§ **Task details**:
Return, unchanged and with no pictures, the lines below from the very first through the one that contains "('Your Home Location".

§ **Available records**:
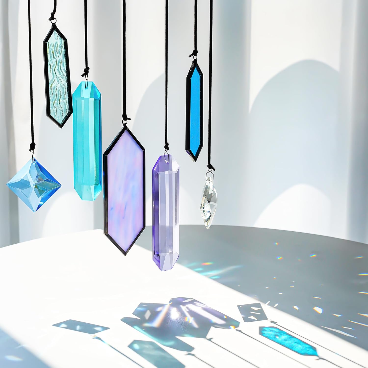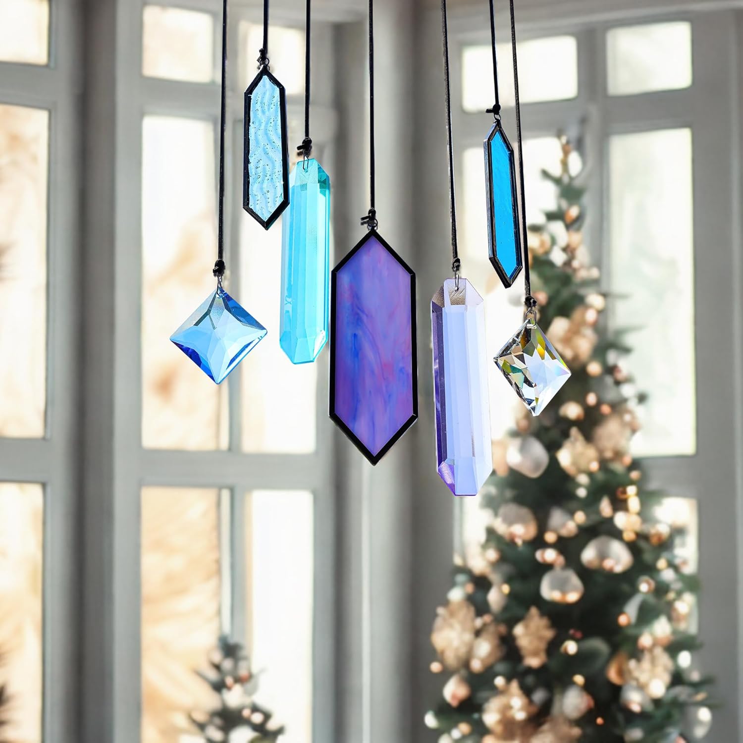 7 Pack Stained Glass Icicle Ornaments for Christmas Tree,Crystal Prism Hanging Suncatchers for Windows,Crystal Christmas Ornaments 2025 for Women
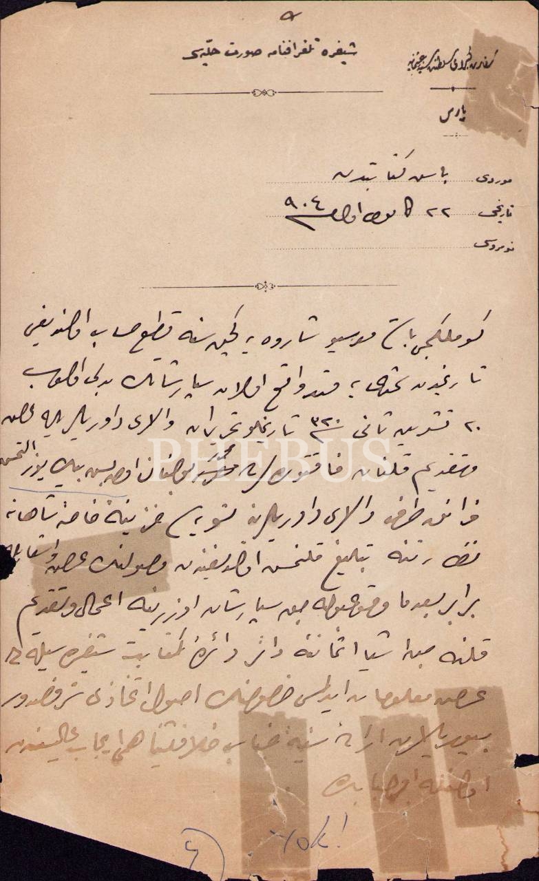 Osmanlıca Sefâret-i Kübrâ Saltanat-ı Seniyye-i Osmaniyye-Paris antetli, bir sipariş bedeline dair evrak, 1904, 15x25 cm
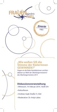 Unter der oben genannten Fragestellung werden die beiden Kandidaten für das OB-Amt (Ulf Kämpfer, Stefan Kruber) dem Kieler Frauenvolk Rede und Antwort stehen.
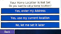 ('Your Home Location is Not Set' screen appears) tap 'Yes, use my current location' (2nd choice on the menu)(*)
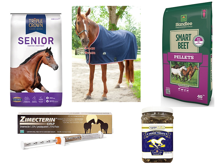 Jessie would like Triple Crown Senior Feed (a 50 pound bag is $31.49) and beet pulp (a 40 pound bag of Standlee Premium Western Forage Premium Smart Horse Beet Pellets is $18.79). She also needs dewormer (Zimerectin Gold Paste Dewormer is $17.99) and a fleece cooler for under her blanket (size 74, $72.95). If it's not too much, she would also love some soft treats (a two pound jar of Equine Edible's carrot cake treats is $18.99).
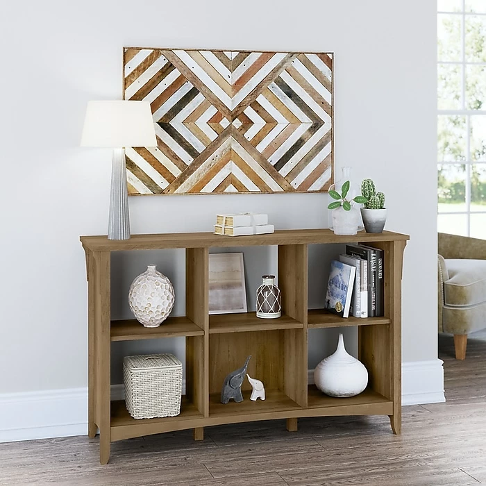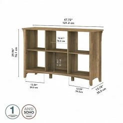 An organized home has never felt so right. Decorate your family home, cottage, apartment, or dorm room with a casual cube bookcase that features attractive wood accents, tapered legs, and curved base rails inspired by timeless Mission styling. Six cubby shelves are perfect for organizing home office supplies or brightening up any room with pictures and decorations. Two adjustable shelves offer flexible storage to accommodate items of various sizes. Each shelf supports up to 30 lbs., so storing a small collection of books or displaying larger decorations is no problem. This six-cube bookcase is tested to meet ANSI/SOHO quality standards for safety and performance and is backed by a 1-year manufacturer’s warranty. Complete your space with coordinating items from the Salinas collection.

§ **Solution**:
 7 Pack Stained Glass Icicle Ornaments for Christmas Tree,Crystal Prism Hanging Suncatchers for Windows,Crystal Christmas Ornaments 2025 for Women
 Osmanlıca Sefâret-i Kübrâ Saltanat-ı Seniyye-i Osmaniyye-Paris antetli, bir sipariş bedeline dair evrak, 1904, 15x25 cm
 Unter der oben genannten Fragestellung werden die beiden Kandidaten für das OB-Amt (Ulf Kämpfer, Stefan Kruber) dem Kieler Frauenvolk Rede und Antwort stehen.
 ('Your Home Location is Not Set' screen appears) tap 'Yes, use my current location' (2nd choice on the menu)(*)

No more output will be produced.